Skip to content

v25.01.00

Latest
Compare
Choose a tag to compare
@marcinz marcinz released this 08 Feb 06:20
6658905

This is a closed-source release, governed by the following EULA: https://docs.nvidia.com/legate/25.01/eula.pdf.

Linux x86 and ARM conda packages with multi-node support (based on UCX or GASNet) are available at https://anaconda.org/legate/legate (GASNet-based packages are under the gex label).

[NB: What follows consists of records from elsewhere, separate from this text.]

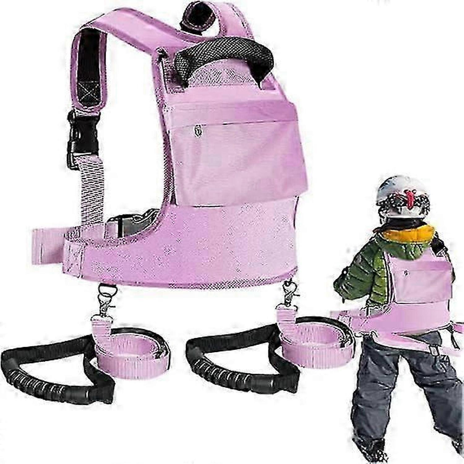 Kids Ski Harness - Adjustable Ski Training Harness Shock Absorbing Leashes, for Children 3-12 Years Old Beginners Outdoor SportsPink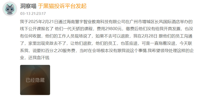 此外,在黑貓投訴上有多位消費(fèi)者投訴該類開設(shè)課程機(jī)構(gòu)存在涉嫌偷稅截留、霸王扣款等問題。比如,一位女士投訴稱,在廣州報名公開課,現(xiàn)場支付費(fèi)用29800元,繳費(fèi)后機(jī)構(gòu)未開發(fā)票,工作人員口頭承諾“不去即退全款”。然而當(dāng)其提出因計(jì)劃有變申請退款時,機(jī)構(gòu)拖延半月后突然提出“強(qiáng)扣20%服務(wù)費(fèi)”。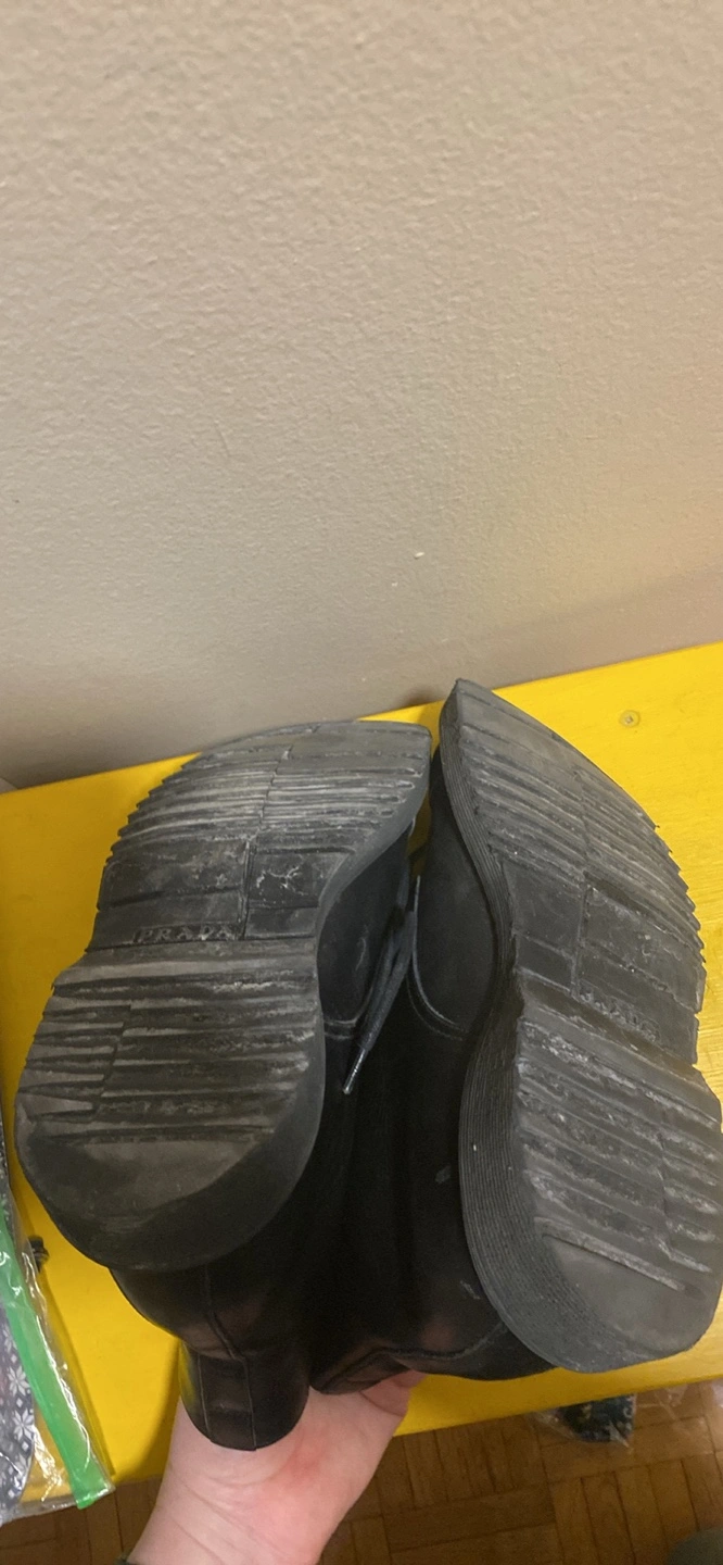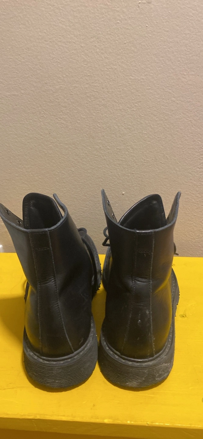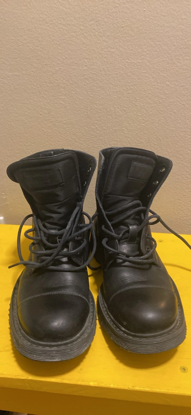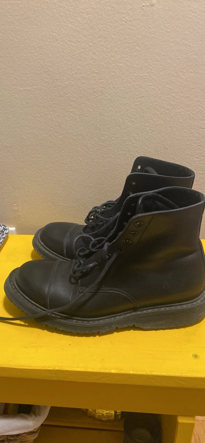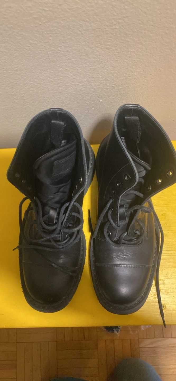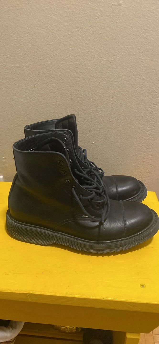 13Pair of black leather boots. Lace-up closure. Round toe. Thick sole. Ankle-height.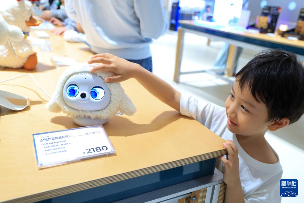 12月21日,在位于深圳的全球创新旗舰店inno100,一名儿童与AI玩具Ropet互动。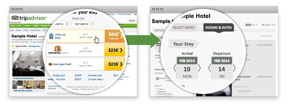 To launch TripConnect, you need to subscribe to TripAdvisor Business Listings. Once it's done, clients will be directed to IdoBooking Engine straight from your TripAdvisor page. Thanks to the integration, you show availability and rates on one of the biggest travel websites.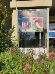 Zum Schuljahresauftakt zeigen Schülerinnen und Schüler des Beruflichen Gymnasiums künstlerische Arbeiten in den Schaufenstern des ehemaligen Blumengeschäfts Muth am Ziegelteich.
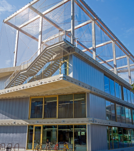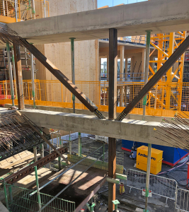 The site is brownfield and vibro piles were selected for most of the foundations in order to minimise arisings, overall depth and interaction with buried obstructions. The main structural features of Building C1 are its unusually deep floor zones, several large cantilevered elements and the external circulation, which wraps around an external precast concrete staircase as well as two walls of the building. Steel mesh encloses the entire structure from first floor up, including the basketball court.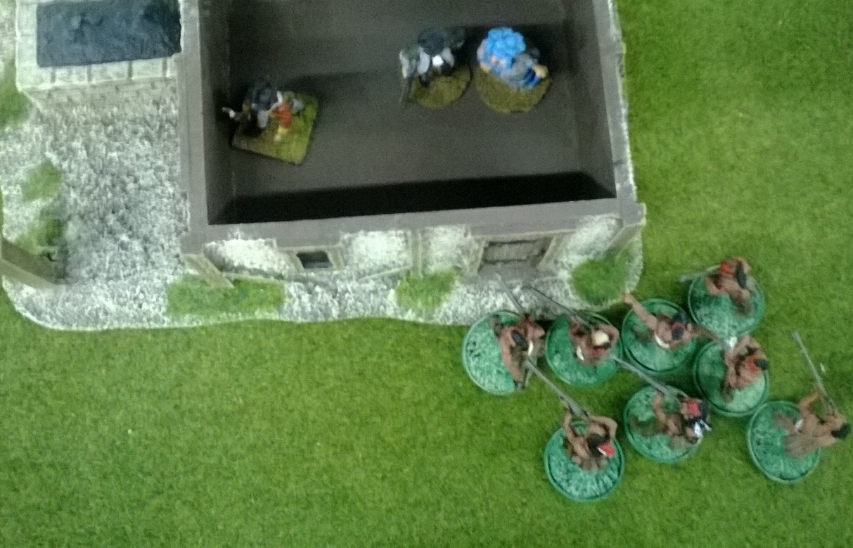 I outnumbered the beleaguered defenders five to one but couldn’t force the door! Graham’s troops failed their morale but the retreat took them into the centre of his supporting troops. Sorry to say that we had misread the melee rules and the fight should of continued in the house. Whether the Indians would have parlayed with the hostages or given them a scalping we will never know.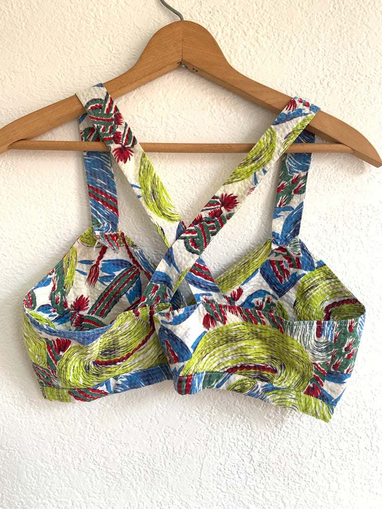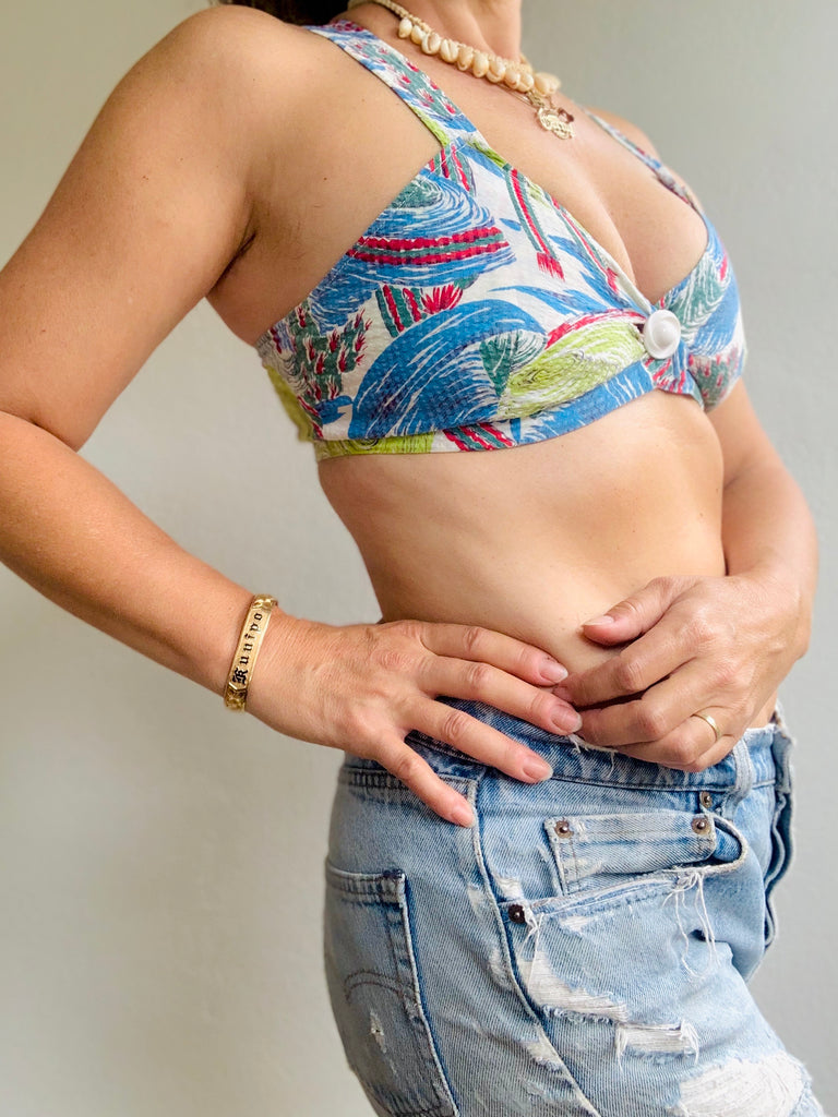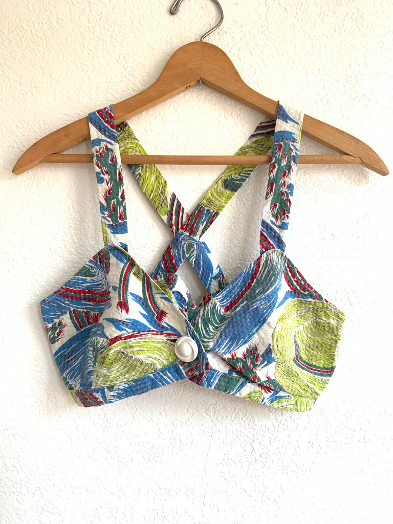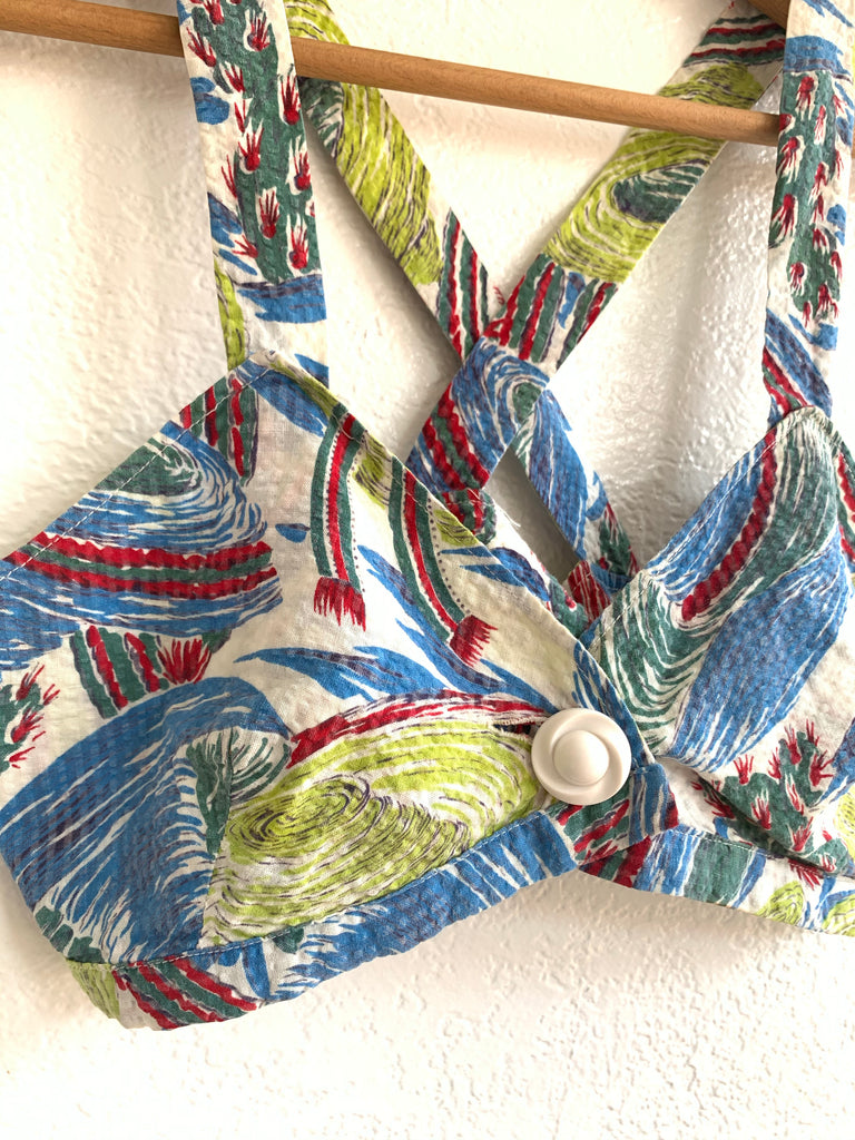 Bralette halter top with a tropical or desert leaf print in green, blue and magenta on white made in 1940’s/50’s. Fastens at front with single plastic button, cross crosses at back.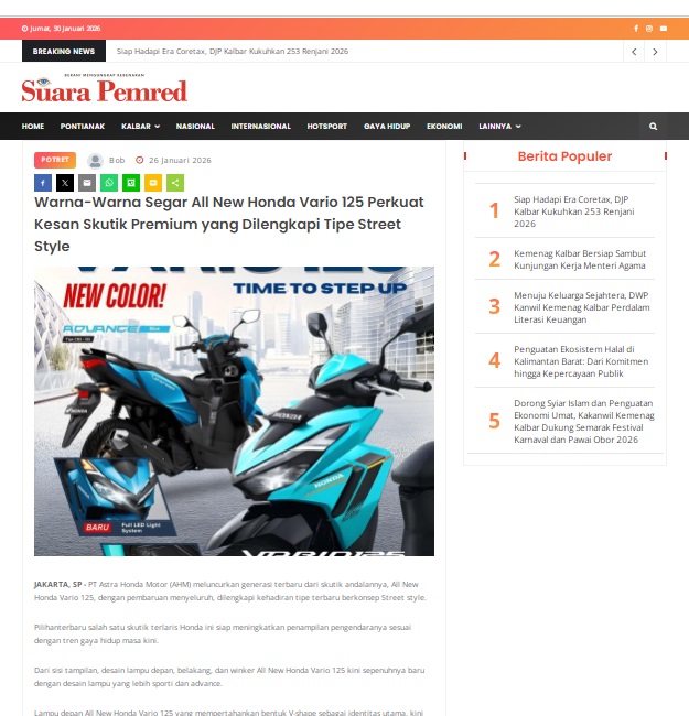 Warna-Warna Segar All New Honda Vario 125 Perkuat Kesan Skutik Premium yang Dilengkapi Tipe Street Style by masmul 26 Januari 2026 in Silahkan kunjungi https://www.suarapemredkalbar.com/read/potret/26012026/warna-warna-segar-all-new-honda-vario-125-perkuat-kesan-skutik-premium-yang-dilengkapi-tipe-street-style. You Might Like Regional Public Launching New ADV160 The SUV Pride Grand Launching New PCX 160 Truly Exceptional! Tetap hati-hati ya bro sist berkendara saat hujan.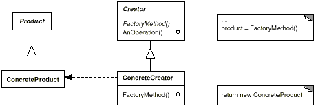 - Creator – declara o método fábrica o qual retorna um objeto do tipoProduct;
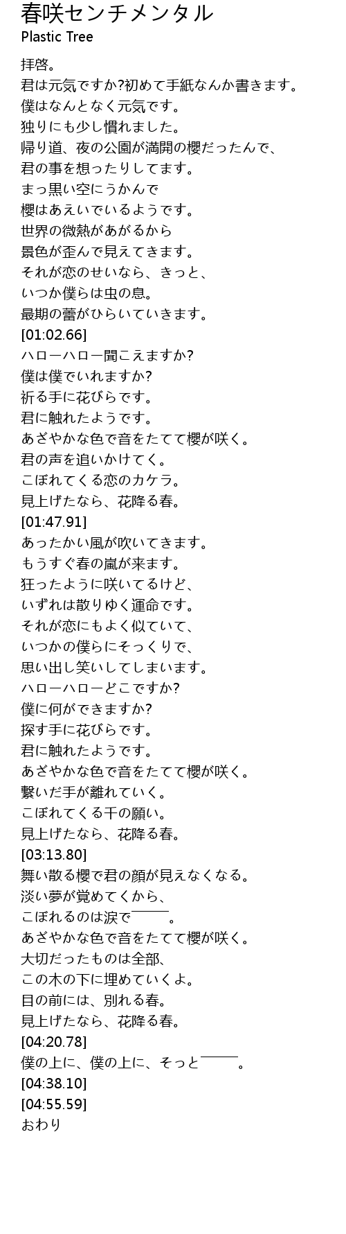 | [04:15.03] | 見上げたなら、花降る春。 |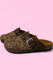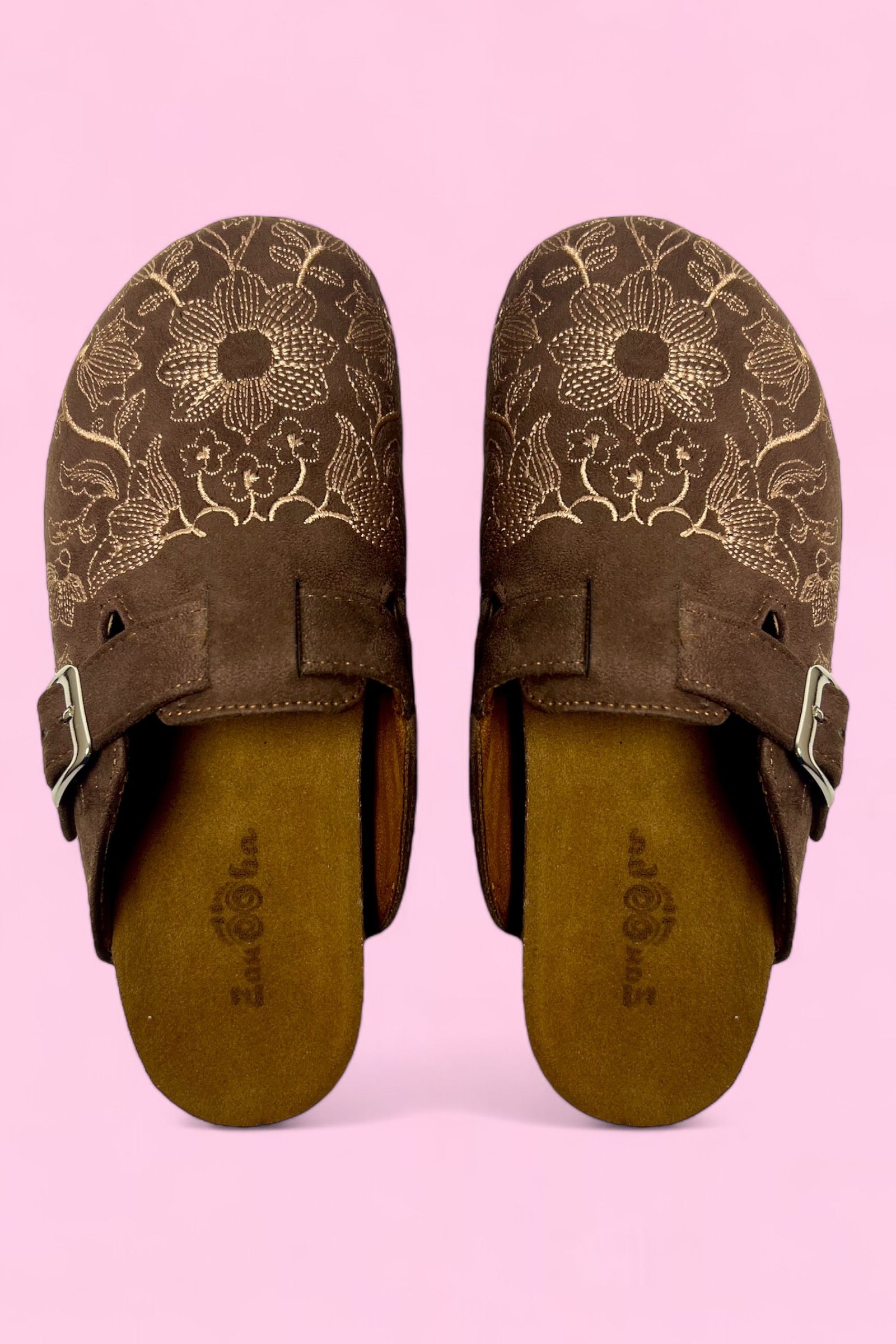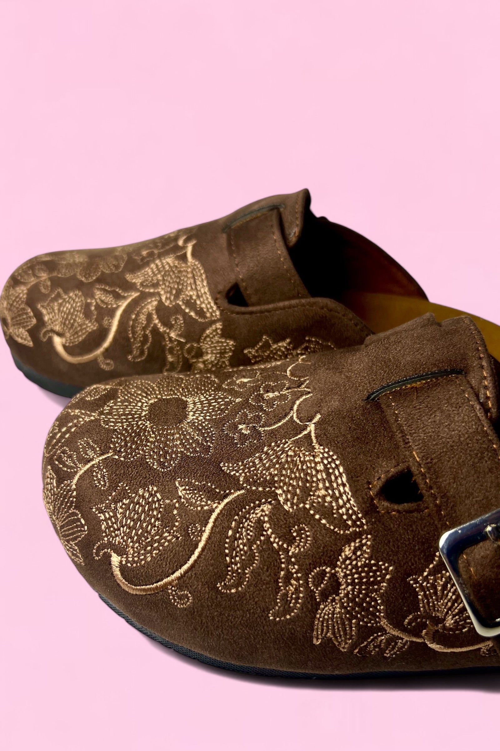 Step into elegance with our Embroidery Clogs, crafted in rich chocolate brown suede and adorned with delicate caramel-toned embroidery. Designed for both style and comfort, these clogs add a unique touch to any outfit.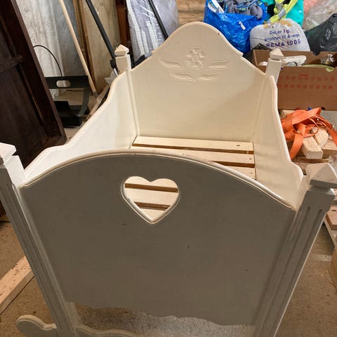 Selger brukt ubehandlet vugge med utskjæringer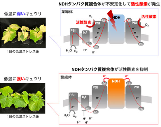 低温ストレスは、キュウリなどの夏作物において光合成を著しく阻害し、生育不良を引き起こします。特にキュウリでは、葉緑体の光化学系 I(PSI)が低温下で感受性を示すことが報告されていますが、詳細な分子メカニズムは未だ明らかではありませんでした。本発表では、低温で PSI 光阻害が起こる要因として、NDH複合体の分解が関与していることを明らかにしましたので報告致します。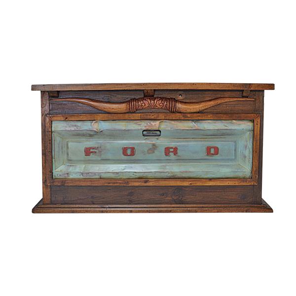 This tailgate bar/server proudly showcases a Ford tailgate, with ample storage for all of your bar essentials. This Antique Tailgate Bar is perfect for showcasing your team spirit and entertaining guests. It's the ultimate addition to any home.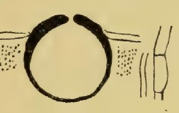 Description: Thallus squamulose to subcrustose, beige to pale brown, epruinose, thin, sometimes delimited by a pale prothallus. Squamules 0.4-1 mm broad, rounded to crenate, flattened to slightly convex, smooth, contiguous, mostly forming a subcrustose thallus. Lower surface attached by c. 4 µm thick, pale rhizohyphae. Upper cortex paraplectenchymatous, of small isodiametrical cells, rather thin, poorly differentiated from the algal layer; lower cortex absent. Perithecia black, 0.3-0.35 mm wide, developing from the hypothallus and located among the squamules, at first globose, then pyriform, projecting, with an involucrellum extending all around the perithecium. Exciple dark throughout; hamathecium of periphyses, interascal filaments absent. Asci 8-spored, narrowly clavate, with biseriately arranged spores, the wall I-, 70-80 x 17-20 µm. Ascospores 1-celled, hyaline, narrowly ellipsoid, thin-walled, 15-20(-22) x 6-8 µm. Pycnidia unknown. Photobiont chlorococcoid. Spot tests: cortex and medulla K-, C-, KC-, P-, UV-. Chemistry: without lichen substances.Note: only known from the type collection, this terricolous species deserves further study. Indicator values are tentative.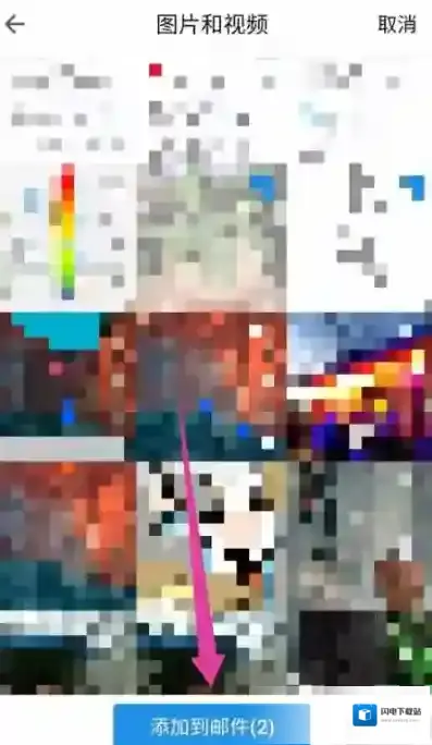 6、会打开手机的图片和视频界面,找到要发送的图片视频,选择图片,然后点击添加到邮件。如图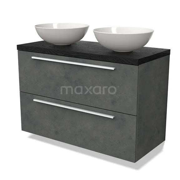 Modulo Plato Badmöbel mit Aufsatzwaschbecken | 100 cm Dunkelgrauer Beton Flach front Schwarze Eiche blatt 2 übereinanderliegende Schubladen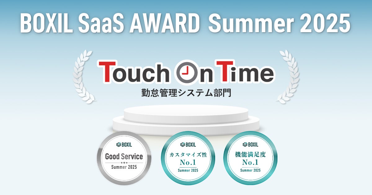 Touch On Time(タッチオンタイム)、「BOXIL SaaS AWARD Summer 2025」勤怠管理システム部門で3つの賞を受賞

Documentation for this release can be found at https://docs.nvidia.com/legate/25.01/.

New features

Memory management

  • There is no longer a separation between the memory pools used for ahead-of-task-execution ("deferred") allocations, and task-execution-time ("eager") allocations. The --eager-alloc-percentage flag is thus obsolete. Instead, a task that creates temporary or output buffers during execution must be registered with has_allocations=true, and a new allocation_pool_size() mapper callback must provide an upper bound for the task's total size of allocations. See https://docs.nvidia.com/legate/25.01/api/cpp/mapping.html for more detailed instructions.
  • Add the offload_to() API, that allows a user to offload a store or array to a particular memory kind, such that any copies in other memories are discarded. This can be useful e.g. to evict an array from GPU memory onto system memory, freeing up space for subsequent GPU tasks.

I/O

  • Move the HDF5 interface out of the experimental namespace.
  • Use cuFile to accelerate HDF5 reads on the GPU.
  • Add support for reading "binary" HDF5 datasets.

Deprecations

  • Remove the task_target() callback from the Legate mapper. Users should utilize the resource scoping mechanism instead, if they need to restrict where tasks should run.
  • Drop support for the Maxwell GPU architecture. Legate now requires at least Pascal (sm_60).

Miscellaneous

  • Increase the maximum array dimension from 4 to 6.
  • Record stacktraces on Legate exceptions and error messages.
  • Consider NUMA node topology when allocating CPU cores and memory during automatic machine configuration.
  • Add environment variable LEGATE_LIMIT_STDOUT, to only print out the output from one of the copies of the top-level program in a multi-process execution.
  • Add legate::LogicalStore::reinterpret_as() to reinterpret the underlying storage of a LogicalStore as another data-type.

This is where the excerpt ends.